** Task directions **
Here are some records; quote them exactly, leaving out the pictures.

** Task inputs **

--- START ---

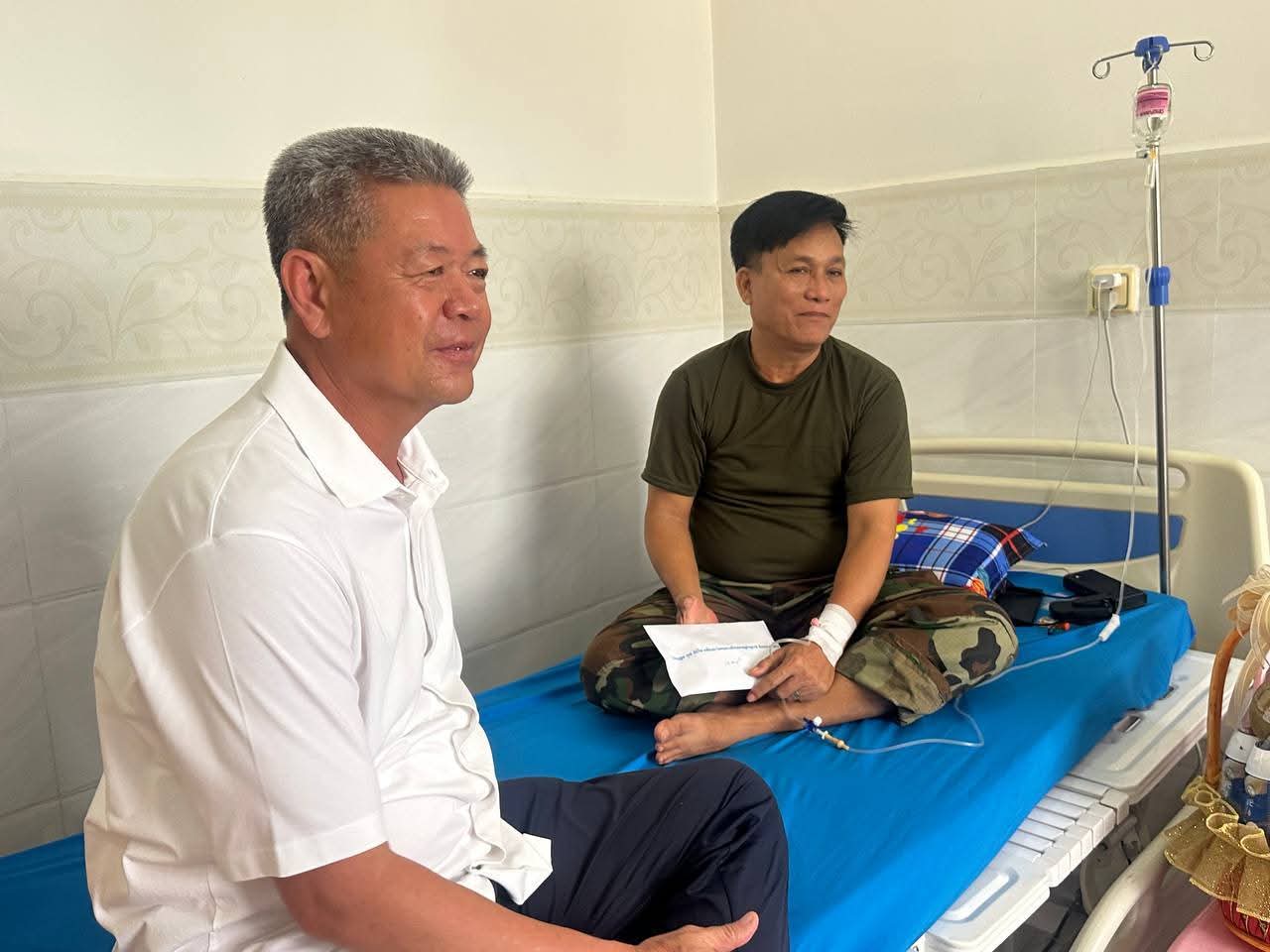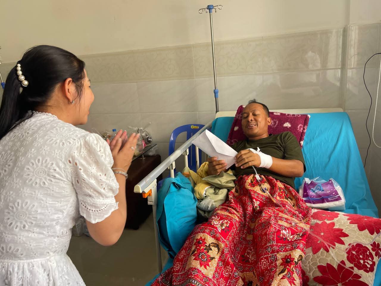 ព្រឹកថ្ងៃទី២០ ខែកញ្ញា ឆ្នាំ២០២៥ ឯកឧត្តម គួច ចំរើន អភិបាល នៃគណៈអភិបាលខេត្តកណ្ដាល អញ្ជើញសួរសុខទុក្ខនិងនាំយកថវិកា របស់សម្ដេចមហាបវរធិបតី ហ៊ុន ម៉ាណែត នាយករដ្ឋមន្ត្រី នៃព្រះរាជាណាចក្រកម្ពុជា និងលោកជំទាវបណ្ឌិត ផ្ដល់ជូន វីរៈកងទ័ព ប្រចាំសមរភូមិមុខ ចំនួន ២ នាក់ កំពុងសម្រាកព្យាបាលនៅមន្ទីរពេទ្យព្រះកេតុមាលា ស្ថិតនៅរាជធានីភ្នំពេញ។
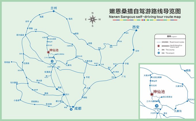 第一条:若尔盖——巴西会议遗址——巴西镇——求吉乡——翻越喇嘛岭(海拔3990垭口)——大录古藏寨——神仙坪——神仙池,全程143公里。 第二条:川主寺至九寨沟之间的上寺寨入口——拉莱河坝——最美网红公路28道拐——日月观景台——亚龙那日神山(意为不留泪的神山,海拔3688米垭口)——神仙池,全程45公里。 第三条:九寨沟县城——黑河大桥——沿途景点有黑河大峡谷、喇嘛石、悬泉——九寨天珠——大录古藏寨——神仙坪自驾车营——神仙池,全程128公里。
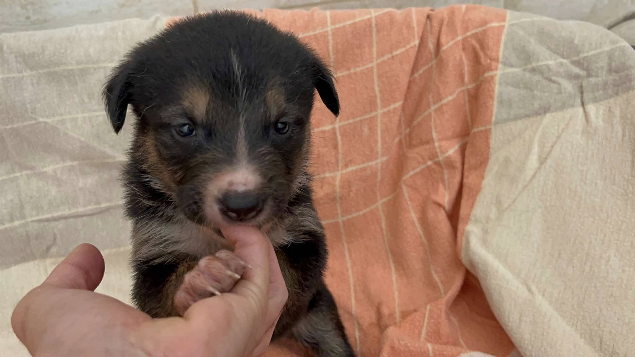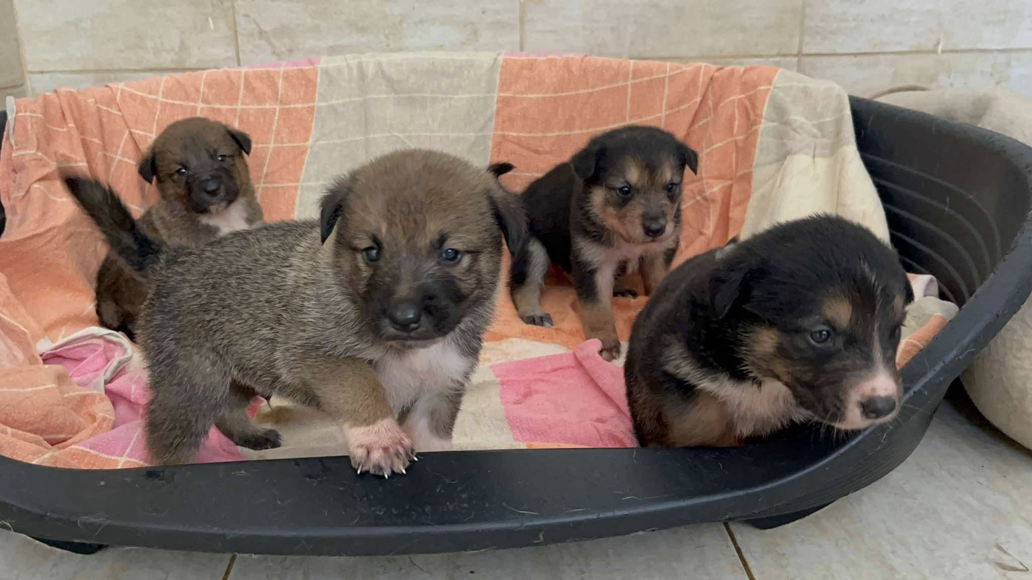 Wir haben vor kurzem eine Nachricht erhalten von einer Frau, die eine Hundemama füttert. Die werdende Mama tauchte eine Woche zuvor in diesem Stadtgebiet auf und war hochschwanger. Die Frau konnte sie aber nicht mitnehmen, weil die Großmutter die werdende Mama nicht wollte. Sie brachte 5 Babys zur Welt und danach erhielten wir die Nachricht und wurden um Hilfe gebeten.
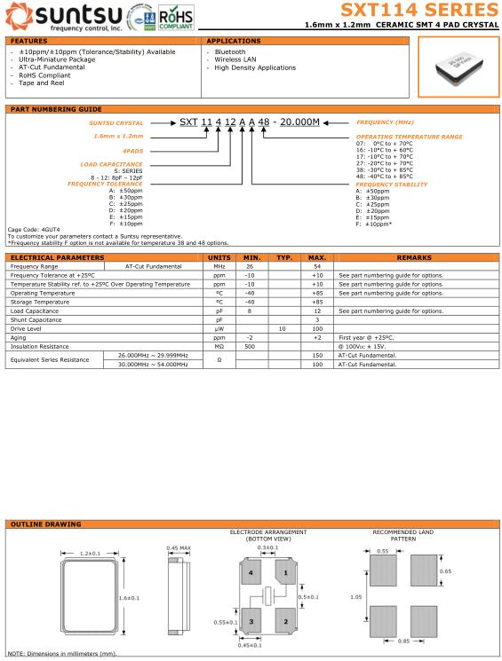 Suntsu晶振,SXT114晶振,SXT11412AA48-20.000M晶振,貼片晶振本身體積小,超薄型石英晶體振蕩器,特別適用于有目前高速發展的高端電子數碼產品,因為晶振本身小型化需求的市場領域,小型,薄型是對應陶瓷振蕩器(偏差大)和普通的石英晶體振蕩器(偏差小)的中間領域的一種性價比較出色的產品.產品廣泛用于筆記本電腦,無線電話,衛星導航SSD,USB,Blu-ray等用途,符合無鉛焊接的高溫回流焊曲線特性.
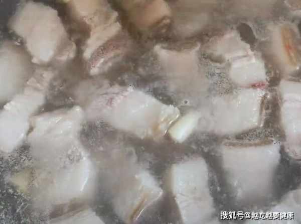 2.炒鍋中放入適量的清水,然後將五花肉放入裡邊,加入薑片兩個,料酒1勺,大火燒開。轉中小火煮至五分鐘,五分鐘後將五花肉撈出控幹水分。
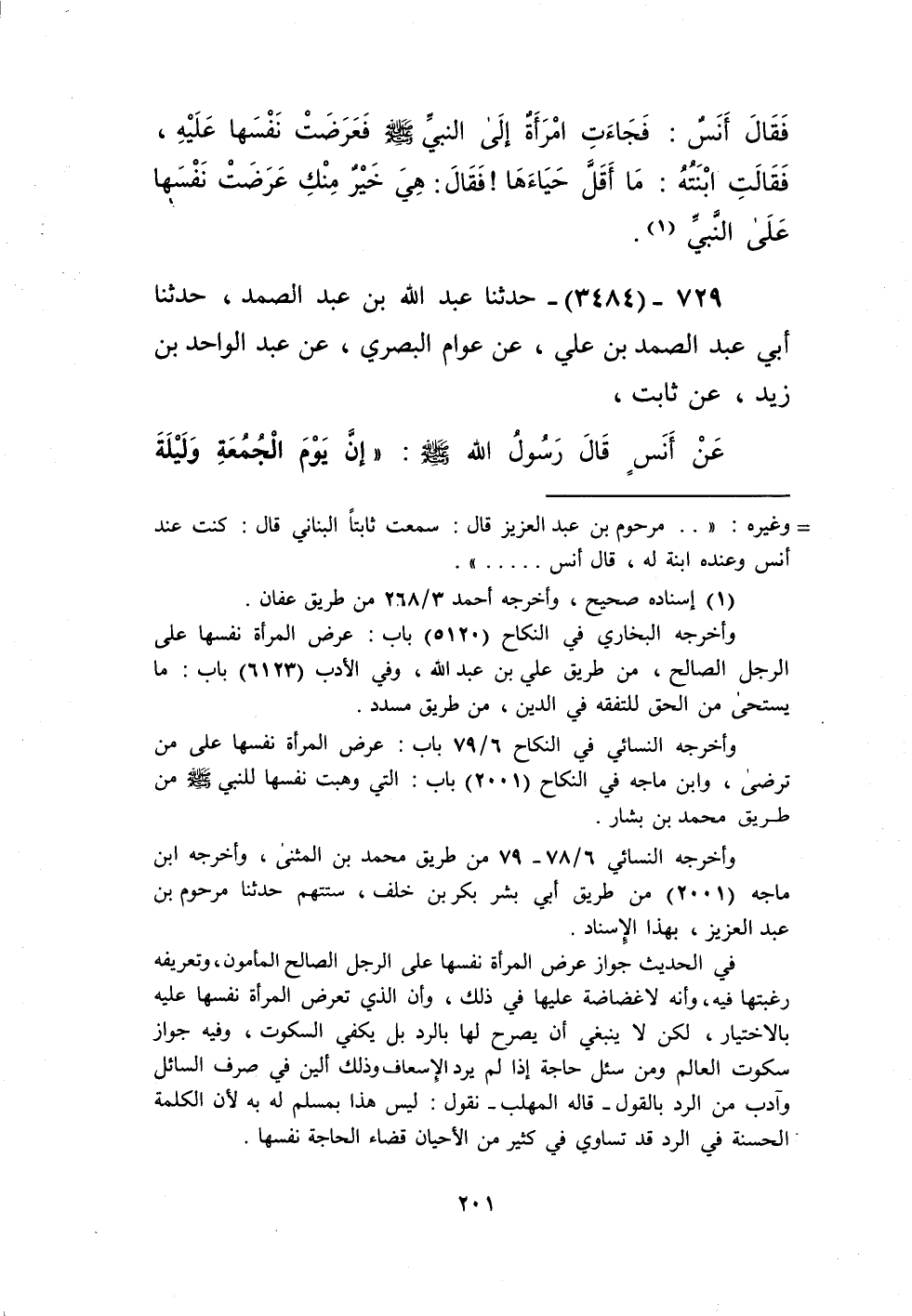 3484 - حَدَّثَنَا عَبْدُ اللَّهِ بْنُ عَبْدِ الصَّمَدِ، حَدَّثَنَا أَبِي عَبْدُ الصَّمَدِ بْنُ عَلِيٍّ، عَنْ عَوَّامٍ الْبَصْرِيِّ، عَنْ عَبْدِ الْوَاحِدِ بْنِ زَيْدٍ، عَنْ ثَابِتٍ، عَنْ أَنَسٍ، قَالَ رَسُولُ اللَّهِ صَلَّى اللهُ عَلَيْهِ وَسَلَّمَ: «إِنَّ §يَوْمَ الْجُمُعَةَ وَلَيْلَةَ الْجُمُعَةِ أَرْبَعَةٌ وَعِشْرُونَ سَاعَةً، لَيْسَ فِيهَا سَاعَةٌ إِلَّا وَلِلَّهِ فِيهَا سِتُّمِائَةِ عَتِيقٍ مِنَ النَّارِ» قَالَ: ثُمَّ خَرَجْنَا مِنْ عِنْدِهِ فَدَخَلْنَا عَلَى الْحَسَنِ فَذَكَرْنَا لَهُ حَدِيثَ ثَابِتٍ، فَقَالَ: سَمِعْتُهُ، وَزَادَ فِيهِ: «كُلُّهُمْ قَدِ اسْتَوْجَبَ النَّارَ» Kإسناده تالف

--- END ---

** Exercise result **
 ព្រឹកថ្ងៃទី២០ ខែកញ្ញា ឆ្នាំ២០២៥ ឯកឧត្តម គួច ចំរើន អភិបាល នៃគណៈអភិបាលខេត្តកណ្ដាល អញ្ជើញសួរសុខទុក្ខនិងនាំយកថវិកា របស់សម្ដេចមហាបវរធិបតី ហ៊ុន ម៉ាណែត នាយករដ្ឋមន្ត្រី នៃព្រះរាជាណាចក្រកម្ពុជា និងលោកជំទាវបណ្ឌិត ផ្ដល់ជូន វីរៈកងទ័ព ប្រចាំសមរភូមិមុខ ចំនួន ២ នាក់ កំពុងសម្រាកព្យាបាលនៅមន្ទីរពេទ្យព្រះកេតុមាលា ស្ថិតនៅរាជធានីភ្នំពេញ។
 第一条:若尔盖——巴西会议遗址——巴西镇——求吉乡——翻越喇嘛岭(海拔3990垭口)——大录古藏寨——神仙坪——神仙池,全程143公里。 第二条:川主寺至九寨沟之间的上寺寨入口——拉莱河坝——最美网红公路28道拐——日月观景台——亚龙那日神山(意为不留泪的神山,海拔3688米垭口)——神仙池,全程45公里。 第三条:九寨沟县城——黑河大桥——沿途景点有黑河大峡谷、喇嘛石、悬泉——九寨天珠——大录古藏寨——神仙坪自驾车营——神仙池,全程128公里。
 Wir haben vor kurzem eine Nachricht erhalten von einer Frau, die eine Hundemama füttert. Die werdende Mama tauchte eine Woche zuvor in diesem Stadtgebiet auf und war hochschwanger. Die Frau konnte sie aber nicht mitnehmen, weil die Großmutter die werdende Mama nicht wollte. Sie brachte 5 Babys zur Welt und danach erhielten wir die Nachricht und wurden um Hilfe gebeten.
 Suntsu晶振,SXT114晶振,SXT11412AA48-20.000M晶振,貼片晶振本身體積小,超薄型石英晶體振蕩器,特別適用于有目前高速發展的高端電子數碼產品,因為晶振本身小型化需求的市場領域,小型,薄型是對應陶瓷振蕩器(偏差大)和普通的石英晶體振蕩器(偏差小)的中間領域的一種性價比較出色的產品.產品廣泛用于筆記本電腦,無線電話,衛星導航SSD,USB,Blu-ray等用途,符合無鉛焊接的高溫回流焊曲線特性.
 2.炒鍋中放入適量的清水,然後將五花肉放入裡邊,加入薑片兩個,料酒1勺,大火燒開。轉中小火煮至五分鐘,五分鐘後將五花肉撈出控幹水分。
 3484 - حَدَّثَنَا عَبْدُ اللَّهِ بْنُ عَبْدِ الصَّمَدِ، حَدَّثَنَا أَبِي عَبْدُ الصَّمَدِ بْنُ عَلِيٍّ، عَنْ عَوَّامٍ الْبَصْرِيِّ، عَنْ عَبْدِ الْوَاحِدِ بْنِ زَيْدٍ، عَنْ ثَابِتٍ، عَنْ أَنَسٍ، قَالَ رَسُولُ اللَّهِ صَلَّى اللهُ عَلَيْهِ وَسَلَّمَ: «إِنَّ §يَوْمَ الْجُمُعَةَ وَلَيْلَةَ الْجُمُعَةِ أَرْبَعَةٌ وَعِشْرُونَ سَاعَةً، لَيْسَ فِيهَا سَاعَةٌ إِلَّا وَلِلَّهِ فِيهَا سِتُّمِائَةِ عَتِيقٍ مِنَ النَّارِ» قَالَ: ثُمَّ خَرَجْنَا مِنْ عِنْدِهِ فَدَخَلْنَا عَلَى الْحَسَنِ فَذَكَرْنَا لَهُ حَدِيثَ ثَابِتٍ، فَقَالَ: سَمِعْتُهُ، وَزَادَ فِيهِ: «كُلُّهُمْ قَدِ اسْتَوْجَبَ النَّارَ» Kإسناده تالف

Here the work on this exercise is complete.